Which indeed seems to help:

 

We use all of the 4 cores to the brim and the program runs considerably faster. Mission accomplished? 

Let's just take a step back and see what we did here. There was a for-loop and we said: "Hey, this loop should be run in parallel, on different cores". That's all we wanted to happen but then we wrote half a hundred lines of (rather fragile, bug-prone and mostly boilerplate) threading code just to implement this simple notion. 
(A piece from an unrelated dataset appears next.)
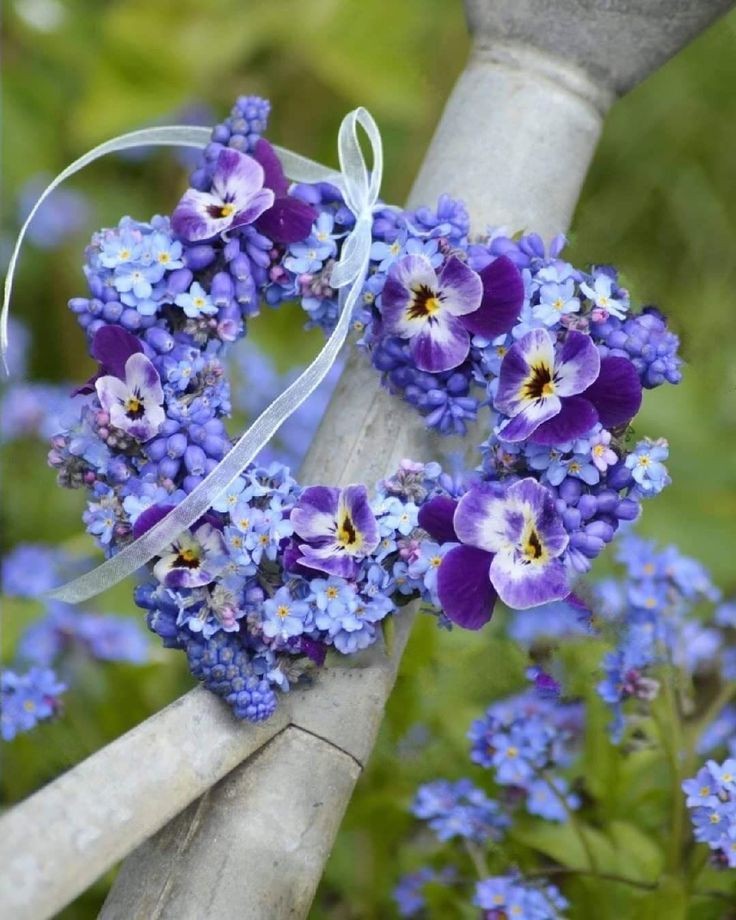Венок мускари, незабудок и виолы

This reeks of accidental complexity. To make matters worse, there are other not-quite-so-clear details:
  • We create and destroy the threads every time: Depending on the operating system there might be a noticeable additional overhead doing so.
  • What if we have a different number of cores - will our program scale easily to use all of the available CPU power? How many threads do we need to create, in general?
  • The implementation uses POSIX threads which makes it platform-dependent. What if we want to run it on platforms that use a different threading API?
Even with such a basic example we have turned a simple piece of code into something that is vulnerable to many potential problems and that will be hard to maintain.

 

A Game Engine example

Let us consider a more elaborate example. Say, we are developing a game engine, which inside the game loop runs a "world update" function, which in turn does simulation on different things, such as updating skeletal animations on the visible models, particle systems, physics simulation etc. 

The code might look like this:
 
void GameWorld::Update() {
    StepAnimations();  
    StepParticles(); 
    StepPhysics(); 
}

void GameWorld::StepAnimations() {
    //  update skeletal animations for every currently visible model
    for (int i = 0; i < m_Animations.size(); i++) {
        //  ...
    }
}

void GameWorld::StepParticles() {
    //  update particle systems
    for (int i = 0; i < m_Particles.size(); i++) {
        //  ...
    }
}

void GameWorld::StepPhysics() {
    //  perform physics integration for every disjoint physics "island"
    for (int i = 0; i < m_PhysicsIslands.size(); i++) {
        //  ...
    }
}
 

This problem, at least in our simplified formulation, is also "embarrassingly parallel", except that now the parallelism manifests itself on multiple levels. The high-level intent might sound like: "Hey, there are these different tasks (StepAnimations/Particles/Physics/AI) that could be run in parallel... and each of them has a loop that can be run in parallel as well. Oh, and we might also want to run the whole thing in parallel with something else." 

If we approach the problem as for the Game of Life we instantly notice that most of the required boilerplate code is very similar to what we already did. 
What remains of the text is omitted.